VXX’s Brief Moment in the Sun
Random thought for the day…
I (humbly) disagree with folks who poo-poo VXX (long 1-month VIX) as a bad investment.
Let me rephrase that. I think it’s very worthwhile to educate investors about why buying VXX is usually a bad choice (read more), and why buying VXX for the long-term is always a bad choice, but VXX isn’t in and of itself broken. It’s just an investment whose brief moment in the sun hasn’t come yet.
Investors would be forgiven for losing sight of that. Behold the horror show that has been VXX since inception in 2009:
But there’s a lot more data to consider than most realize. Recall the graph below that I’ve shown previously estimating VXX back to 2004, adding an additional 5 years of data prior to the ETF launch (1).

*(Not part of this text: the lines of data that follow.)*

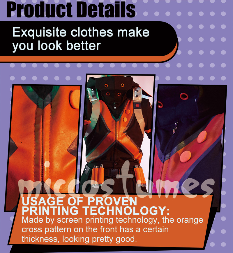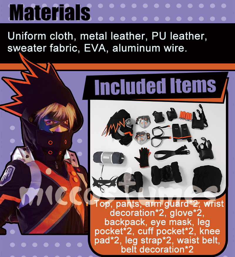 | Included Items | top, pants, bracelets*2, wrist decorations*2, gloves*2, backpack, eye mask, leg pockets*2, caff pockets*2, knee pads*2, leg straps*2, waist belt, belt decorations*2 |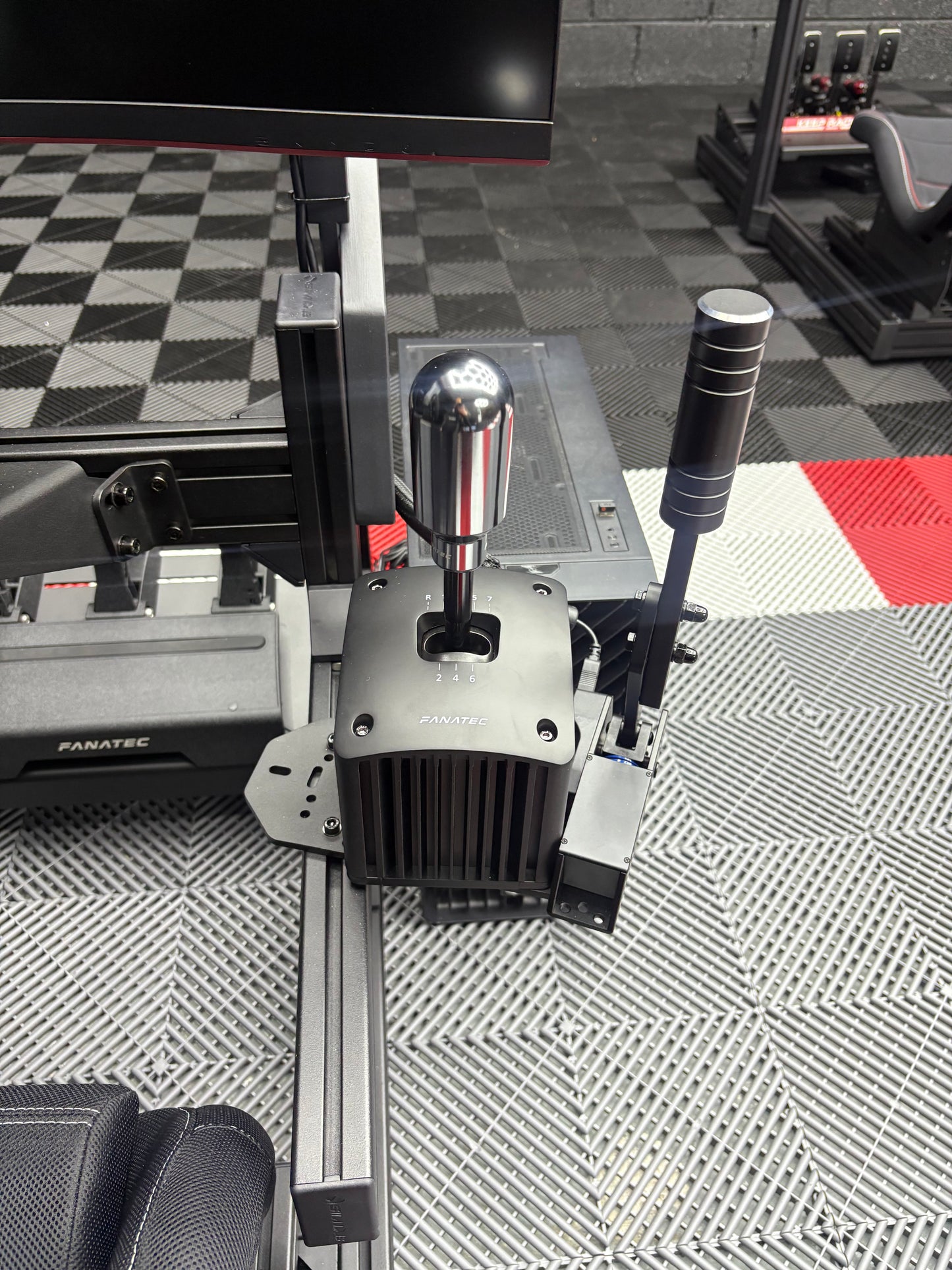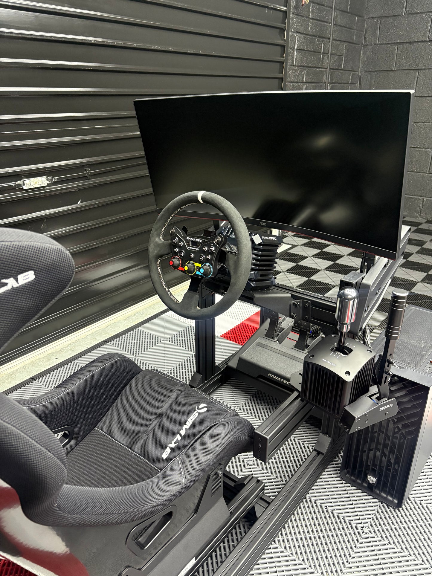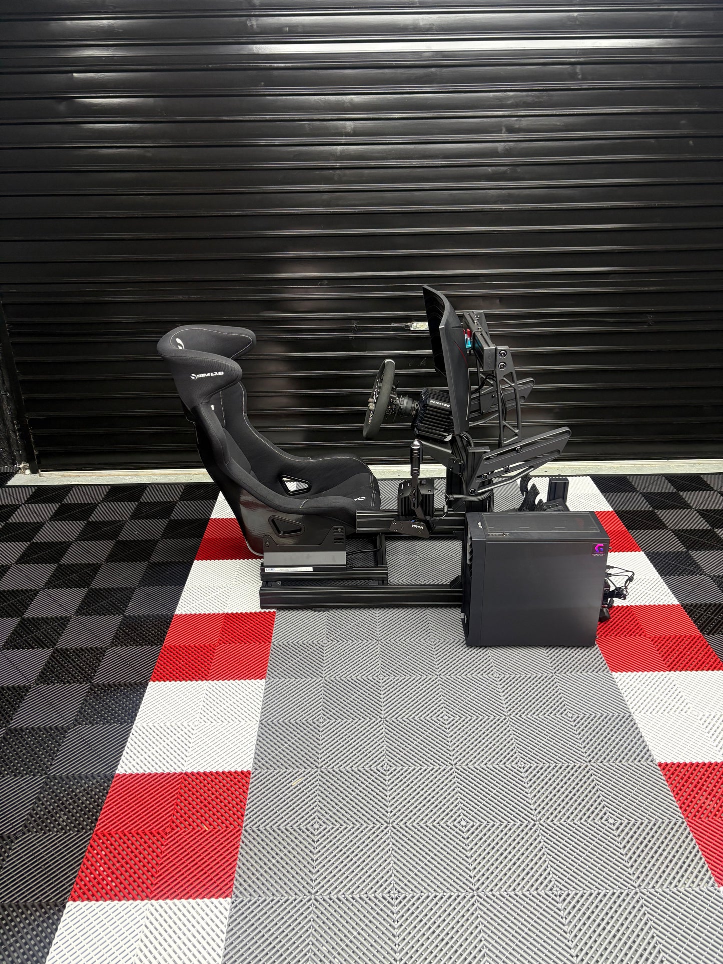 Infinite adjustability for pedals, steering wheel height/angle/distance, and the racing seat (mounted on a smooth slider rail).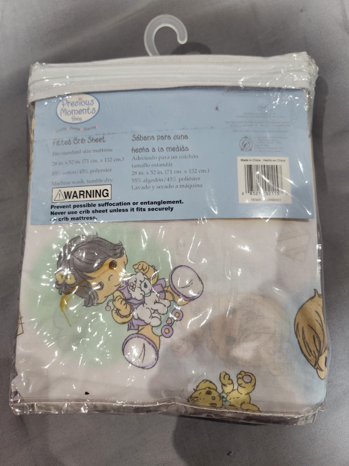 NEW Vintage Precious Moments Babies Buttons Bows Fitted Crib Sheet Crown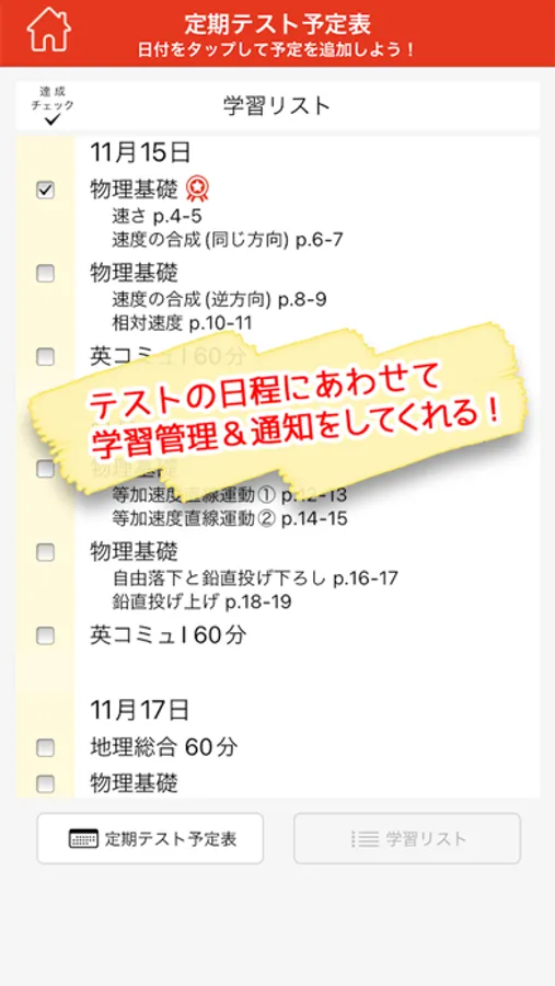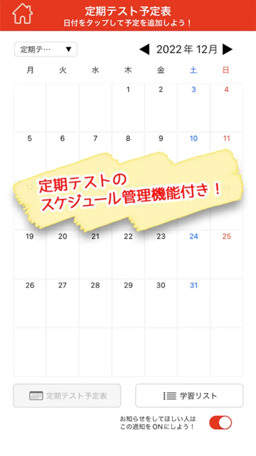 本アプリには,定期テストの学習計画を作成してくれるスケジュール管理機能が搭載されています。

Some notable VXX runs: a 97% gain within 2 months (2007), a 183% gain within 3 months (2011), and the big daddy, a 336% gain within 3 months (2008).
The problem is of course that investors too often try to trade VXX by timing the market. They preemptively buy VXX when the market gets overbought, and then get decimated by the water torture that is contango if the market does anything but go straight down.
A much better approach is to let the state of the VIX futures term-structure (i.e. backwardation) be the guide as to when VXX might be a viable play, and then (and only then) attempt to time the broader market.
That day will come, because the return of big volatility is necessary and inevitable. And when it happens, investor darlings like XIV (inverse 1-month VIX) will get crushed. Contrary to what is becoming conventional wisdom, XIV is only slightly more appropriate as a blind long-term play than VXX is.
To illustrate, the same extended historical data set for XIV back to 2004:
The difference between them is that XIV is usually the wise choice, but when it’s a bad choice, it’s really a bad choice. Flip that on its head for VXX. VXX is usually the unwise choice, but when it’s the right choice, it’s really the right choice.
VXX isn’t broken, it’s just an investment whose next brief moment in the sun hasn’t come yet.
Shameless self-promotion: to see MarketSci’s own approach to timing VXX and XIV, check out our Volatility ETF Strategy.
(1) VXX data through 12/2005 estimated based on VIX futures, through 01/2009 based on the underlying VIX Short-Term Futures Index, and to date based on actual VXX ETF data.